O direito de desestabilização é o direito que provoca reformas estruturais pontuais (ou
seja, reformas pontuais sobre instituições e práticas); o direito de imunidade é o direito que
atribui um bem ou serviço a uma pessoa ou grupo a título de compensação ou indenização; o
direito de participação é o direito que garante o exercício de um direito de voto já
reconhecido; e o direito de autonomia é o direito que estabelece espaço para uma medida de
autorregulação.
Aliás, o autor critica a tradicional concepção de gerações de direitos. Na sua leitura,
de acordo com esta concepção, uma geração posterior de direitos materiais teria a garantia de
seus direitos dependente da incorporação de direitos processuais da geração anterior mais um
acréscimo. Assim, os direitos materiais de primeira geração, quais sejam, os direitos de
liberdade, estariam suficientemente garantidos por direitos processuais tais como a ação
judicial individual, e os direitos de segunda geração teriam sua garantia dependente desses
direitos processuais mais um acréscimo tal como o controle judicial da omissão
inconstitucional dos Poderes. Contudo, ele observa que os direitos de primeira geração
também precisavam desse acréscimo para ser garantidos, o que revela que não há direitos
públicos subjetivos prontos para uso, e que todos os direitos, enquanto instituições, estão
sujeitos à reforma para conservarem sua garantia.

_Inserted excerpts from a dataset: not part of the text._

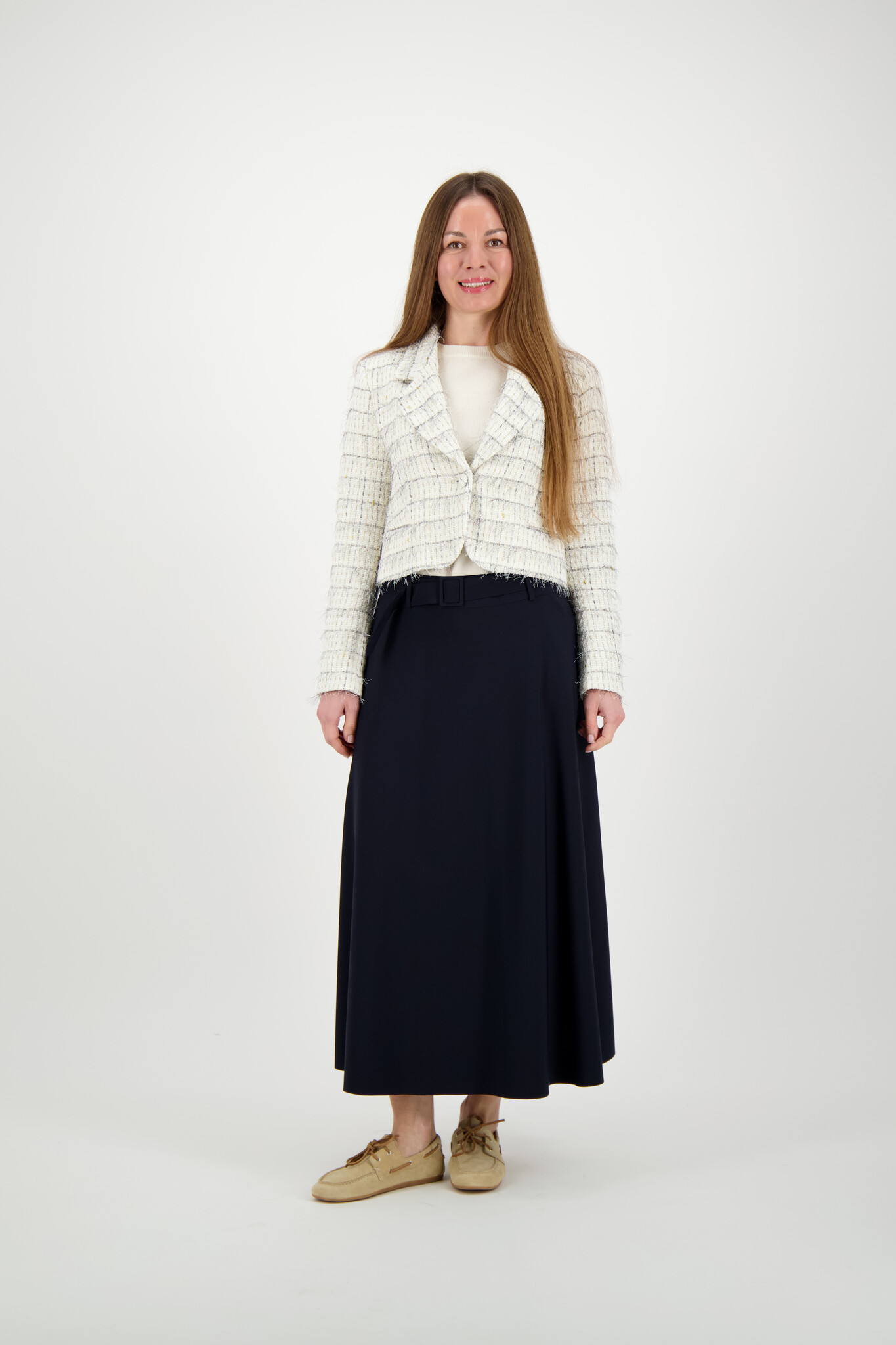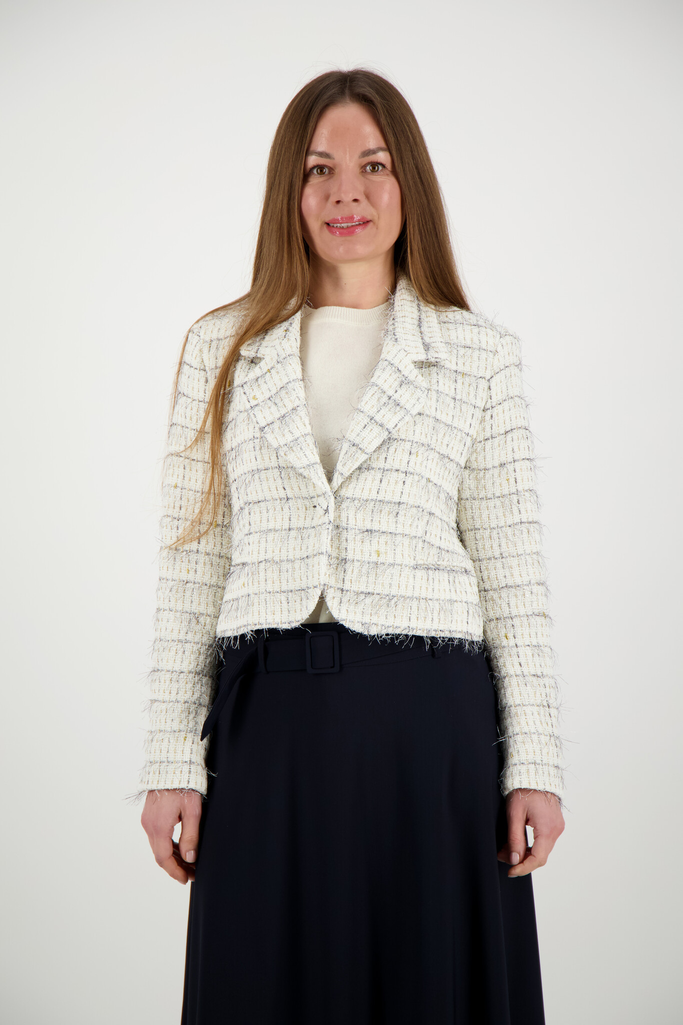 De Vera Blazer van Lilytime is een korte blazer in Off White Dessin met een klassieke reverskraag en lange mouwen. De blazer is voorzien van een knoopsluiting met gouden knopen en subtiele lurex-draad voor een luxe touch. Met schoudervullingen en een korte pasvorm geeft deze blazer een elegante, gestructureerde look, ideaal voor zowel werk als feestelijke gelegenheden.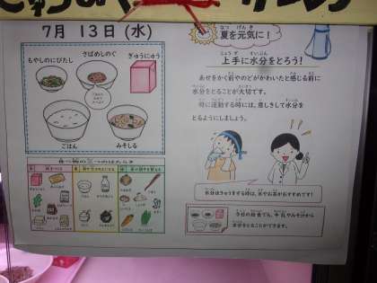 夏場で暑く,汗もかきやすいですが,給食の時に出る牛乳や汁物からも水分をとって,元気に過ごしましょう!
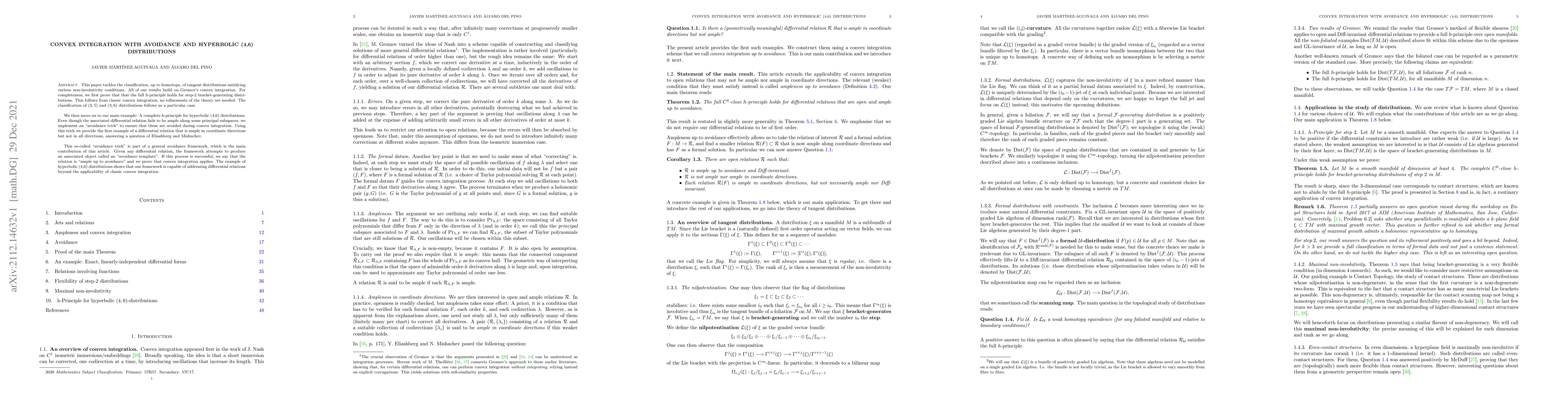 This paper tackles the classification, up to homotopy, of tangent distributions satisfying various non-involutivity conditions. All of our results build on Gromov's convex integration. For completeness, we first prove that that the full h-principle holds for step-2 bracket-generating distributions. This follows from classic convex integration, no refinements of the theory are needed. The classification of (3,5) and (3,6) distributions follows as a particular case. We then move on to our main example: A complete h-principle for hyperbolic (4,6) distributions. Even though the associated differential relation fails to be ample along some principal subspaces, we implement an "avoidance trick" to ensure that these are avoided during convex integration. Using this trick we provide the first example of a differential relation that is ample in coordinate directions but not in all directions, answering a question of Eliashberg and Mishachev. This so-called "avoidance trick" is part of a general avoidance framework, which is the main contribution of this article. Given any differential relation, the framework attempts to produce an associated object called an "avoidance template". If this process is successful, we say that the relation is "ample up to avoidance" and we prove that convex integration applies. The example of hyperbolic (4,6) distributions shows that our framework is capable of addressing differential relations beyond the applicability of classic convex integration.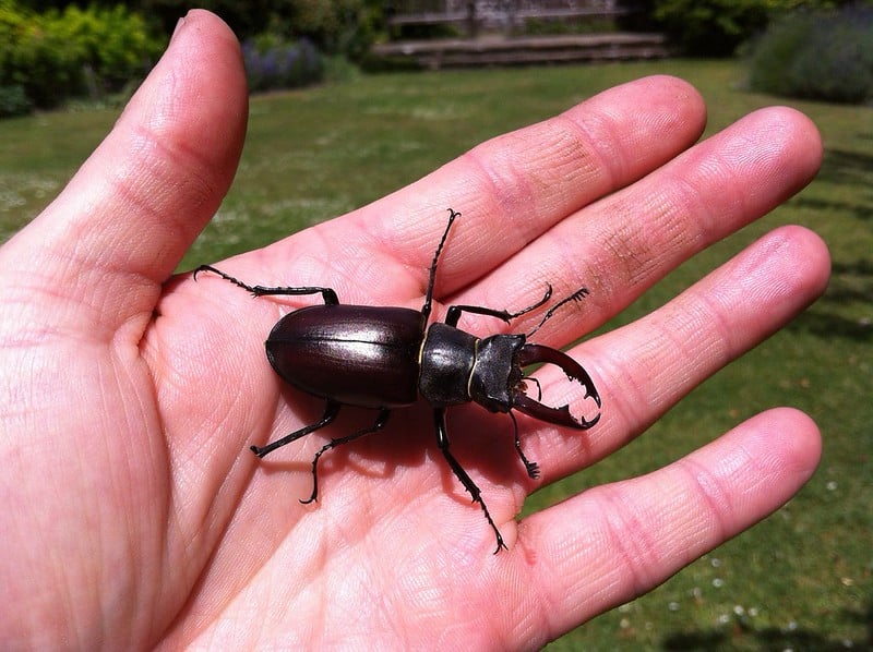 A stag beetle can generate crushing forces with those mandibles that measure many times their body weight. The battles between male stag beetles look dramatic.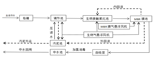 本项目污水处理厂采用“预处理池+MBR膜处理”工艺,以复合膜生物反应器为核心的工艺实现中水回用,出水标准执行《城市杂用水水质》(GB/T18920-2002)和《城市污水再生利用景观环境用水水质》(GB/T18921-2002),中水用于景区绿化、冲厕杂用水和景观环境用水。
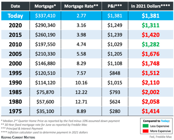 Let’s look back at the cost of a home over the last five decades and adjust it for inflation by converting that cost to 2021 dollars. Here’s the methodology for each data point of the table below: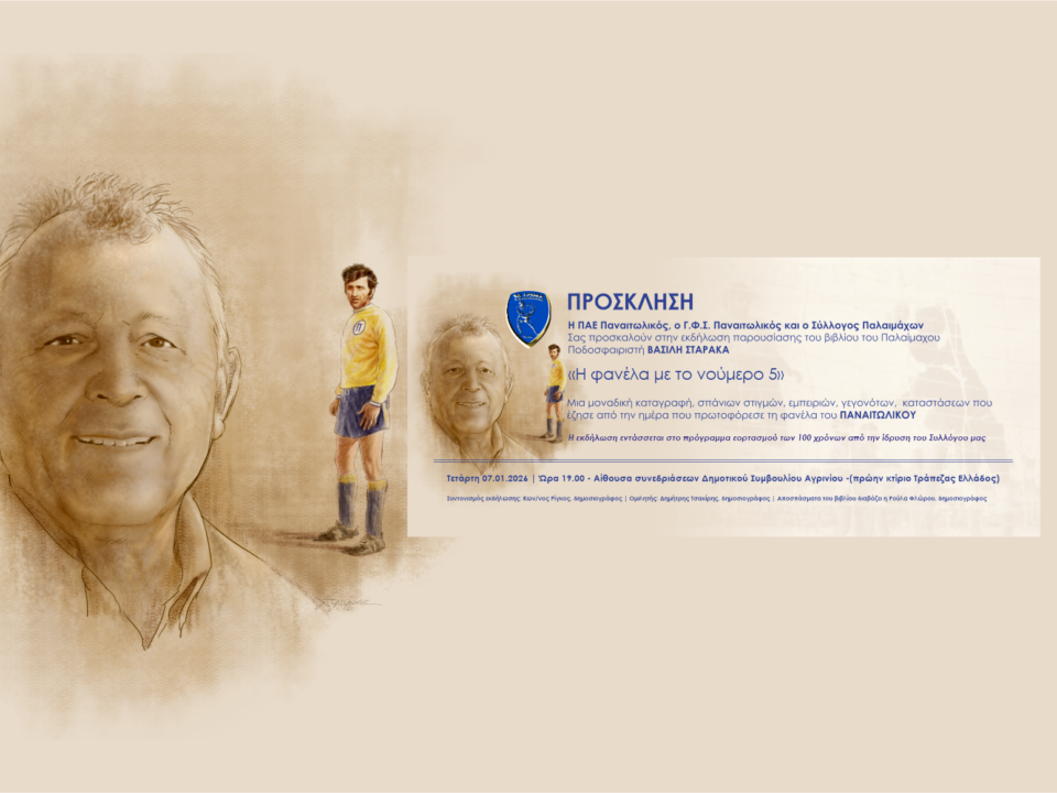 Η ΠΑΕ Παναιτωλικός ανέλαβε την έκδοση του βιβλίου «Η φανέλα με το νούμερο 5» που αποτελεί μια μοναδική καταγραφή βιωμάτων και αναμνήσεων του παλαίμαχου ποδοσφαιριστή Βασίλη […]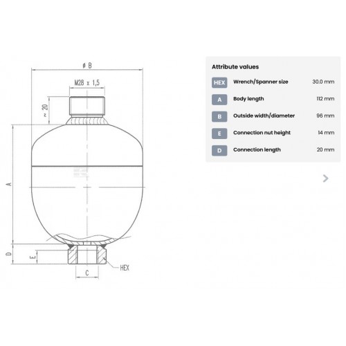 Sistemski opis BUČKA AKUMULATOR OLJA 0,35L MAX. 250bar WA21020351OFDA30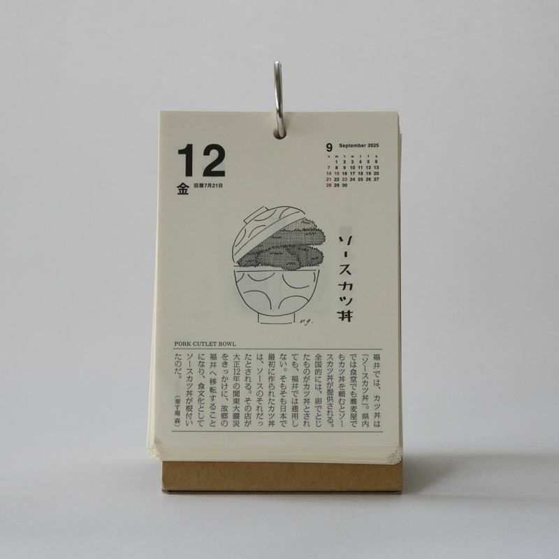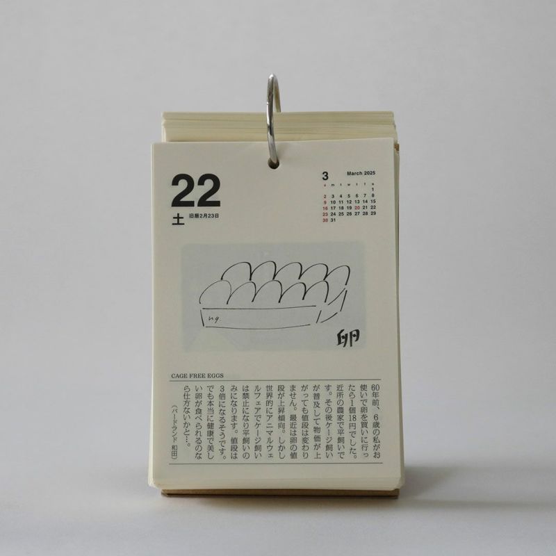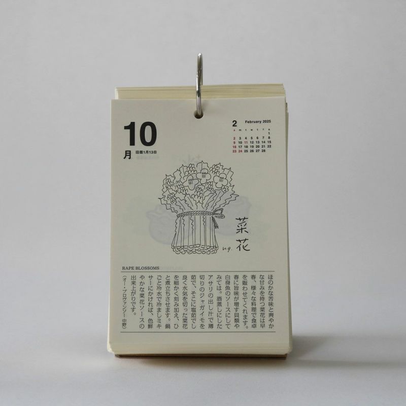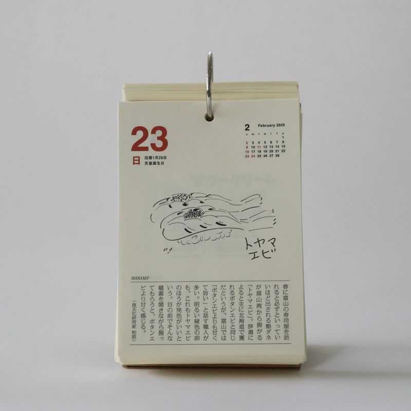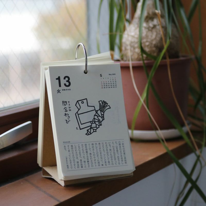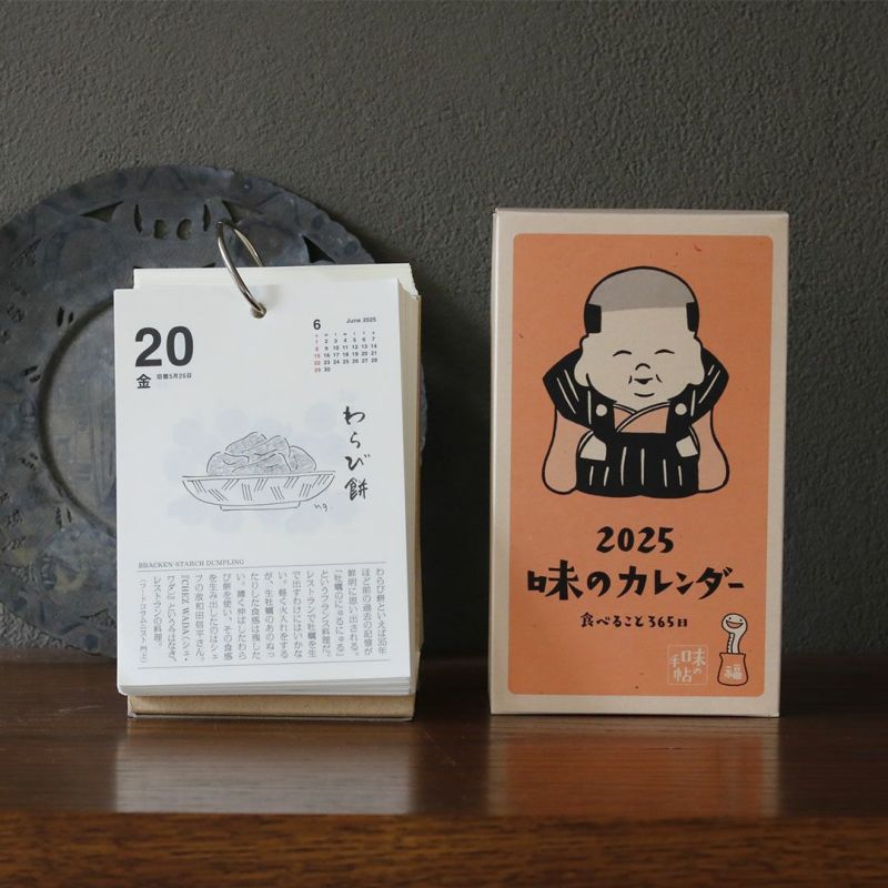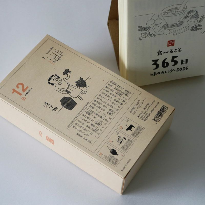 昭和43年に創刊された食の月刊誌『味の手帖』が手がける「日めくり卓上カレンダー2025」です。「食べること365日」とタイトルの通り、365日美味しいに出会える日めくりカレンダーです。日本各所の美味しいものや文化を紹介。ときには世界にも目を向けたり、食べるための道具を取り上げたりもします。私たちは食べて暮らして生きていく、その当たり前の中から豊かさを少しずつ摂取していると気付かされます。

O fragmento textual leva à uma profunda reflexão sobre como o constitucionalismo
pode provocar transformações na estrutura social, sob a linha de pensamento do
experimentalismo democrático. Pode se extrair desta reflexão que, diante do aumento da
comunicabilidade entre os sistemas sociais através do aumento da abrangência dos
acoplamentos estruturais, observa-se, de fato, que o tradicional modelo de classificação de
direitos materiais (cada classe correspondendo a um sistema social) tornou-se obsoleta,
sobretudo porque, no constitucionalismo contemporâneo (que abrange não só a constituição
mas também regimes protoconstitucionais), os sistemas sociais para além do Direito e da
Política não podem funcionar prescindindo da lógica do contrato e da propriedade. Assim, as
transformações estruturais de cada sistema social, a ser perquirida pela constituição e pelos
regimes protoconstitucionais, passa a depender da transformação estrutural do contrato e da
propriedade, ou seja, da sua lógica, o que, ao fim e ao cabo significa o desafio de mexer no
vespeiro do direito privado.
Lucas Fucci Amato, brasileiro, é jurista. Atua como professor na Universidade de São
Paulo. Tem como principais campos de estudo a Teoria do Direito (positivismo, formalismo e
realismo jurídico), a Filosofia do Direito (republicanismo, liberalismo e pragmatismo) e a
Sociologia Jurídica (Max Weber, Niklas Luhmann e Roberto Mangabeira Unger).